## Task to complete
Since the copy must hold text only, transcribe the data below exactly and omit the images.

## Provided data
== Segment start ==
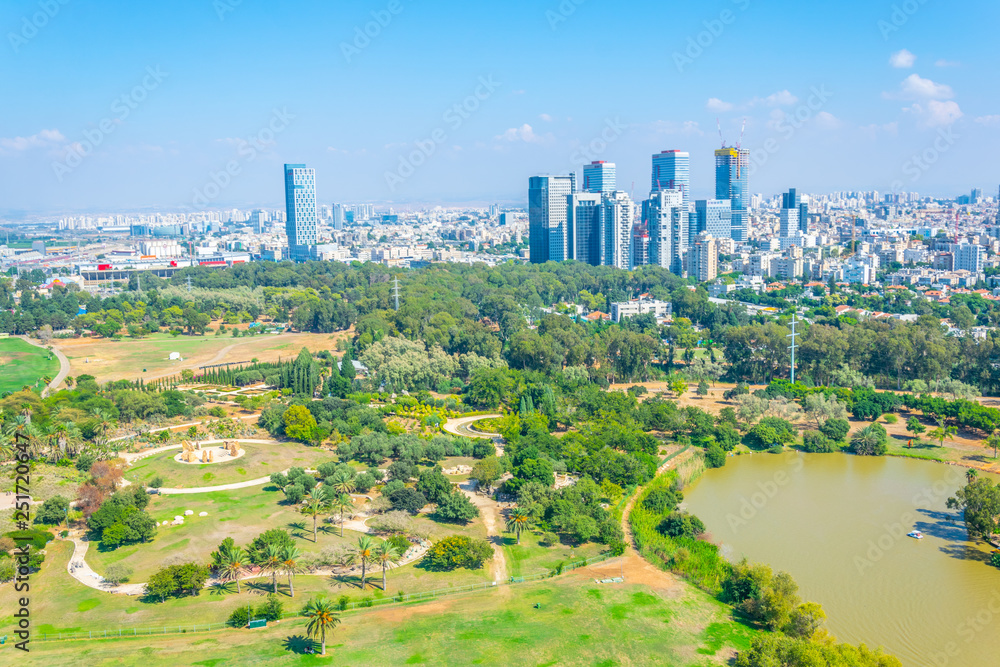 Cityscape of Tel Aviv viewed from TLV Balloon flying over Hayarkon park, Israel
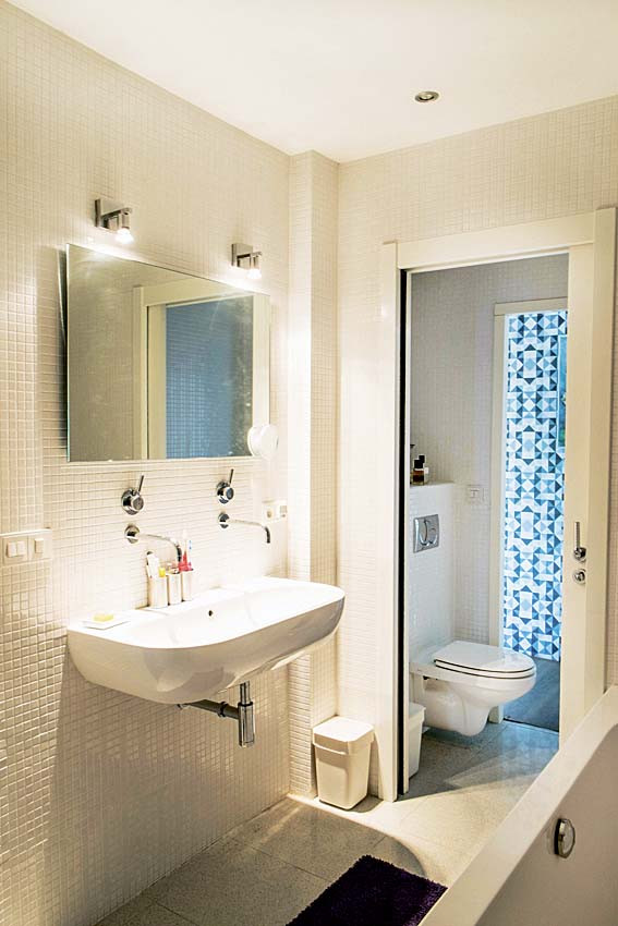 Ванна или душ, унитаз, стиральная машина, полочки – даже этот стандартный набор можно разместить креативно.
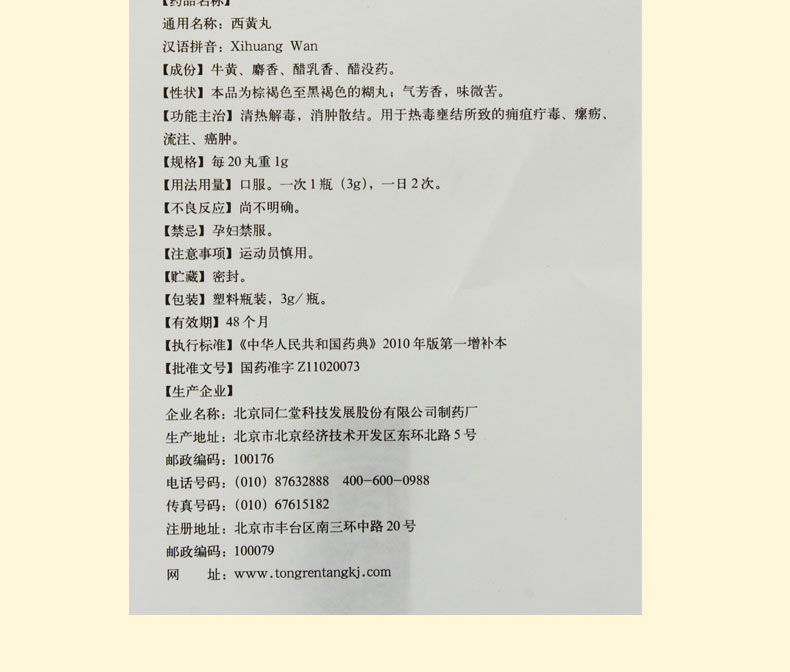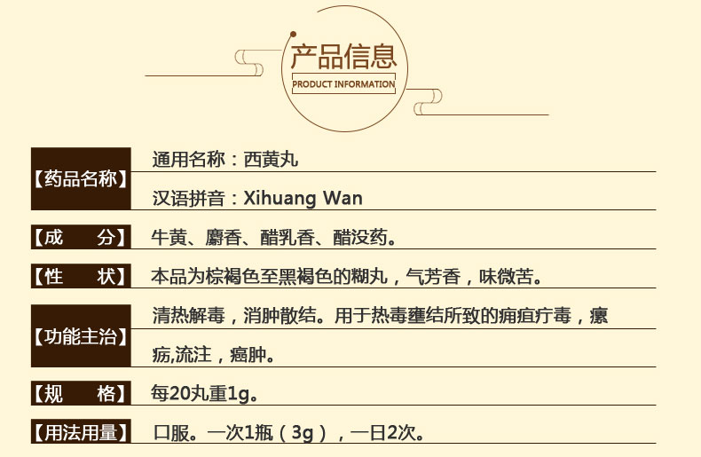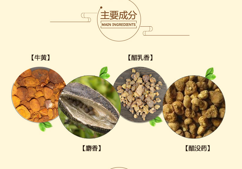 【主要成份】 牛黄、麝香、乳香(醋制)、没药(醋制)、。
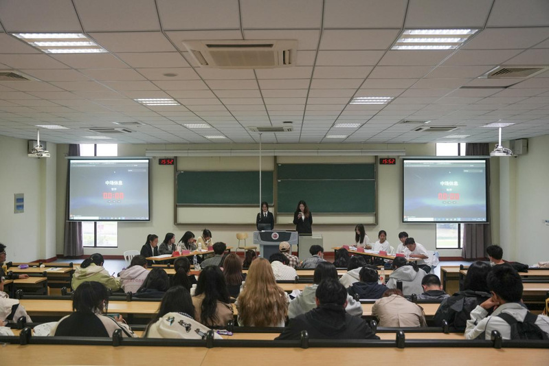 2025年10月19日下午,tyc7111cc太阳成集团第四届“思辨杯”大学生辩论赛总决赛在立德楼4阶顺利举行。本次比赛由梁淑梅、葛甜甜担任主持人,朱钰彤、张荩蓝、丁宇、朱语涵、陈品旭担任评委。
== Segment end ==
## Reply to the task
 Cityscape of Tel Aviv viewed from TLV Balloon flying over Hayarkon park, Israel
 Ванна или душ, унитаз, стиральная машина, полочки – даже этот стандартный набор можно разместить креативно.
 【主要成份】 牛黄、麝香、乳香(醋制)、没药(醋制)、。
 2025年10月19日下午,tyc7111cc太阳成集团第四届“思辨杯”大学生辩论赛总决赛在立德楼4阶顺利举行。本次比赛由梁淑梅、葛甜甜担任主持人,朱钰彤、张荩蓝、丁宇、朱语涵、陈品旭担任评委。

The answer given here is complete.